The former Justice Department official agreed: “A defense lawyer can try to follow the bouncing ball to see where the tip came from — but a prosecutor is not going to acknowledge that it came from intelligence.”

And (as bmaz already noted) Reuters reminds that the DEA has long had its own electronic surveillance capability, and it often hides the source of intelligence as well.

Although these cases rarely involve national security issues, documents reviewed by Reuters show that law enforcement agents have been directed to conceal how such investigations truly begin – not only from defense lawyers but also sometimes from prosecutors and judges.

The undated documents show that federal agents are trained to “recreate” the investigative trail to effectively cover up where the information originated, a practice that some experts say violates a defendant’s Constitutional right to a fair trial. If defendants don’t know how an investigation began, they cannot know to ask to review potential sources of exculpatory evidence – information that could reveal entrapment, mistakes or biased witnesses.
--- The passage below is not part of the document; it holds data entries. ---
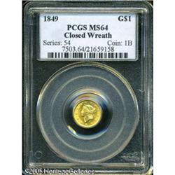 <B>1849 G$1 Closed Wreath MS64 PCGS.</B></I> Large Head, With L. Sharply struck, with bright yellow-gold patina over lustrous, minimally abraded surfaces. Population: 31 in 64, 12 finer (1/05). Lot:7455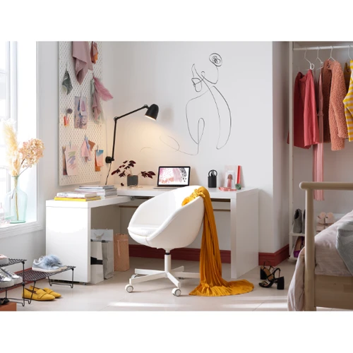 Простой дизайн, одинаково красивый с любой стороны - стол может стоять в комнате отдельно или у стены, а кабели хорошо спрятаны внутри. Установите дополнительную выдвижную рабочую поверхность с левой или правой стороны.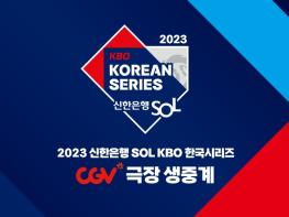 KBO(총재 허구연)와 CGV는 내일(7일) 개막하는 LG 트윈스와 KT 위즈의 2023 신한은행 SOL KBO 한국시리즈 전 경기를 전국 CGV 극장 10개 지점에서 상영하기로 하고 오늘(6일) 오후 3시부터 관람권 예매를 시작한다.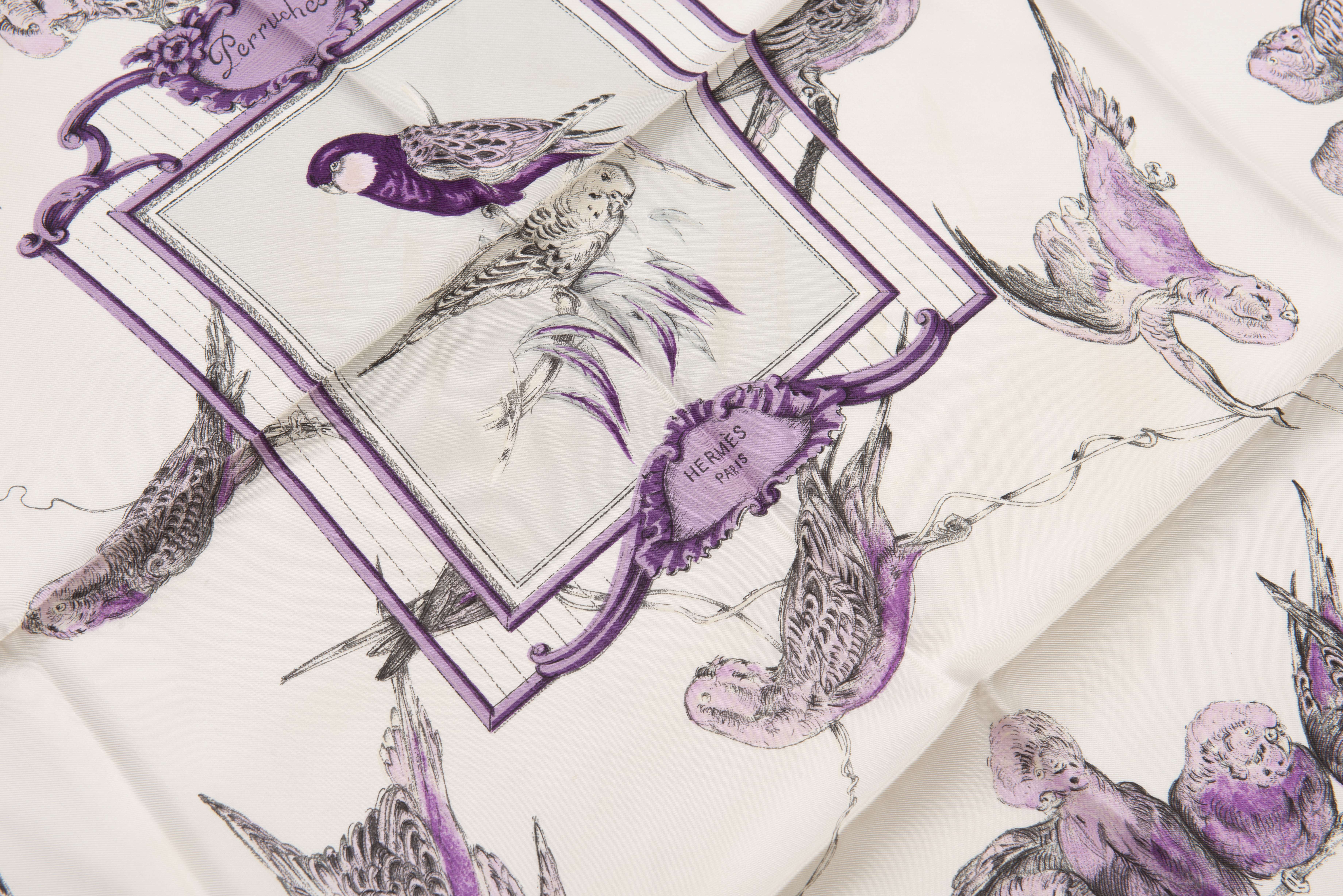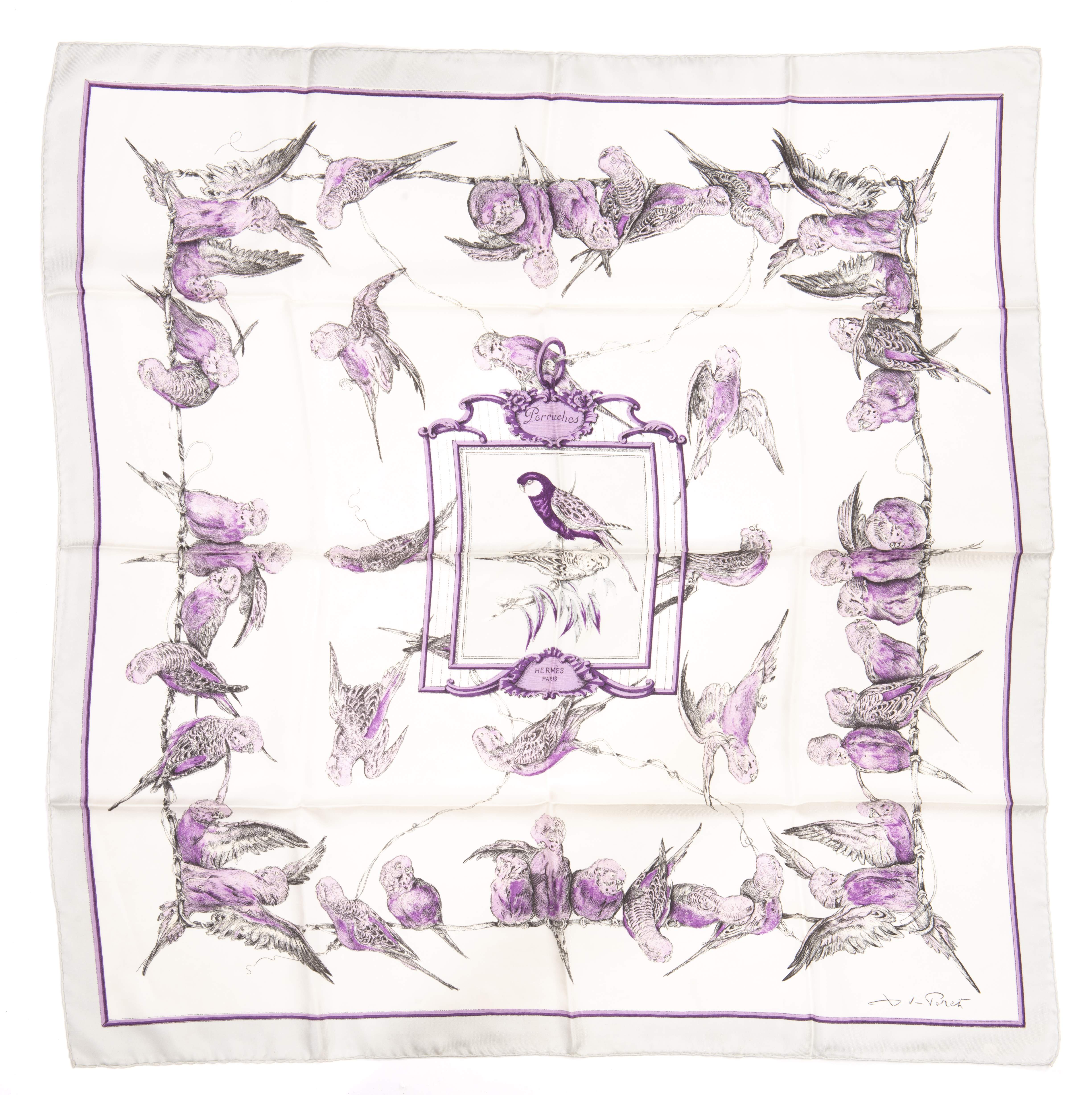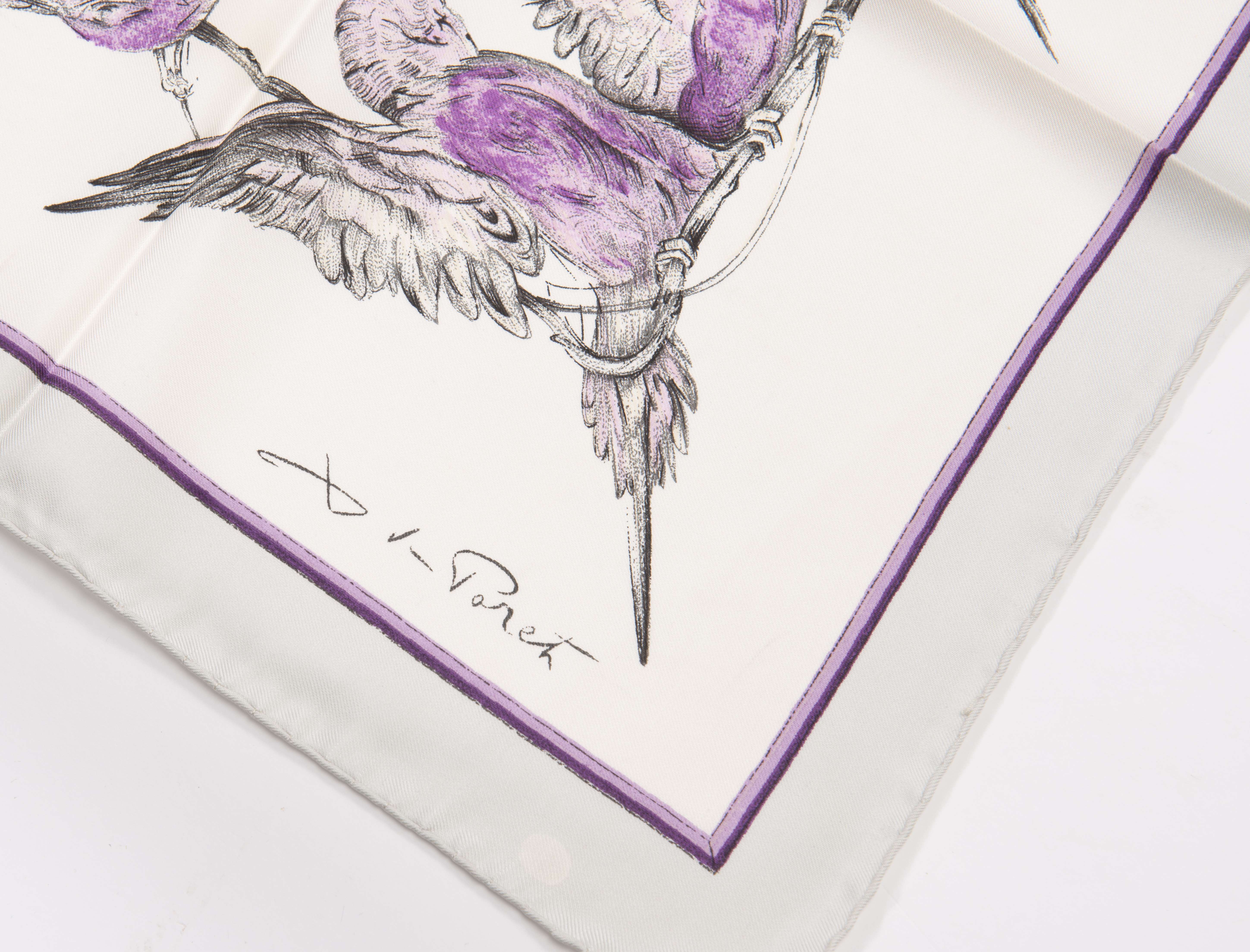 Hermès Paris, carré en soie "Les Perruches" par Xavier de Poret, première édition datant de 1956.

As bmaz also noted, none of this was very secret or new. The FISA sharing is clearly permitted by the minimization procedures. Litigation on it 11 years ago suggested it may be even more abusive than laid out under the law. And bmaz has personally been bitching about the DEA stuff as long as I’ve known him.

These articles suggesting there may be more sharing than the NYT made out on Saturday, then, are primarily reminders that when the fruits of this intelligence get shared, the source of the intelligence often remains hidden from those it is used against.